À la recherche des données de recherche
« Monter sur des épaules de géant pour voir plus loin », disait Newton. Aujourd'hui, nous continuons à construire en nous fondant sur les concepts et les résultats de nos prédécesseurs. Mais aujourd'hui, nous sommes face à un problème que Newton n'aurait jamais pu anticiper : l'impossibilité d'accéder aux données scientifiques générées par nos pairs.
La recherche scientifique actuelle produit une quantité de données incommensurable, chaque expérience individuelle pouvant générer des giga- ou des térabits de données. Le problème pour la communauté scientifique est que la majorité de ces données ne parvient pas à être publiée car les publications scientifiques tendent, par nécessité, à être limitées aux conclusions principales ou aux résumés des résultats les plus frappants. Les données brutes sont souvent laissées de côté et peuvent être altérées ou perdues, ainsi inaccessibles à la communauté actuelle et future.
Étant donné que la majorité de données de recherche représente de la donnée « négative » (c'est-à-dire produites par des expériences ratées ou ne validant pas/ne donnant pas de réponse claire à l'hypothèse de départ), la perte de ces données mène à une répétition inutile d'expériences chères et chronophages. C'est un problème qui s'auto-entretient : si les chercheurs basent leurs hypothèses sur la littérature publiée seulement, ils continueront à perdre de l'argent et du temps répétant des manipulations ratées et, au mieux, reproduisant des données non-nécessaires ou, au pire, créant de nouveaux jeux de données de faux positifs.
Les essais cliniques, essaie encore
Là où ces considérations ont une importance particulière : les essais cliniques. Le manque de jeux de données adéquats a donné des médicaments placebo et nocifs faisant objets de scandales à répétition depuis des années. Des études (supplémentaires ou annexes) faites par des chercheurs d'autres labos ne peuvent pas ré-analyser ces jeux de données : ils ne sont en mesure ni de les combiner à de nouveaux datasets ni de les utiliser dans des cas non-anticipés par ceux ayant originellement produit les données.
D'une importance critique est également la capacité à reproduire les résultats déjà publiés. Cela ne peut être fait que si toute l'information est disponible. Cette information peut inclure les données brutes, le logiciel et son code source utilisés ainsi que les métadonnées correctes pour chaque fichier.
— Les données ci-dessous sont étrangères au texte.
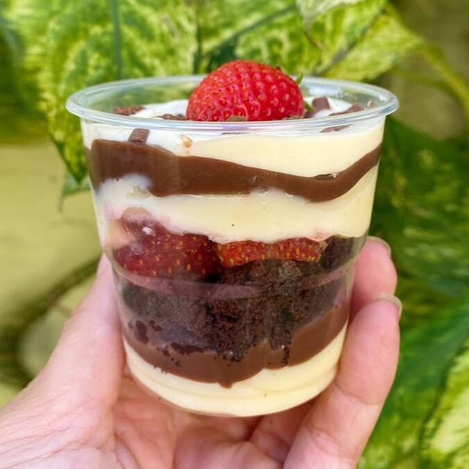 Um delicioso recheio de Ninho, chocolate, brownie, morangos selecionados, chantininho e granulê

Un récent exemple de souci conséquent de reproductibilité est l'étude faite par Glenn Begley ayant testé (si et) combien parmi 53 études fondatrices de la recherche sur le cancer sont reproductibles. Le résultat est affligeant : seules 6 des 53 le sont… Même connaissant les limitations des essais pré-cliniques, ce résultat était choquant.
Le jeu de la plateforme
Dans certains domaines scientifiques, les données commencent plus ou moins timidement à être publiées. Des défauts et problèmes persistent cependant quant à la manière de partager les données de recherche tant il manque des plate-formes agréées et des formats ouverts et interopérables. Il nous reste énormément de chemin à parcourir également pour l'ouverture des données sur la recherche, actuellement indisponibles en France. Il est ainsi impossible d'avoir une vision globale et fondée sur les thématiques scientifiques prioritaires et les dotations accordées ces quelques dernières années en France.
Là où le bât blesse, c'est que les données sur l'activité et la production de la recherche existent. Les rassembler et les publier est le travail d'Etalab, la mission du Premier Ministre dont la mission est d'accompagner les administrations publiques dans les démarches d'ouverture de données qu'elles produisent. Pour l'instant, l'ANR (Agence Nationale de la Recherche) se montre frileuse : d'après une enquête récente menée par Deuxième Labo, l'ANR explique qu'elle ne représente qu'une partie minime du budget total de la recherche publique (traduction : « oh, laissez-nous tranquilles ») et que de toutes façons l'Agence ne saurait agir en dehors d'une action groupée de l'ensemble des acteurs concernés.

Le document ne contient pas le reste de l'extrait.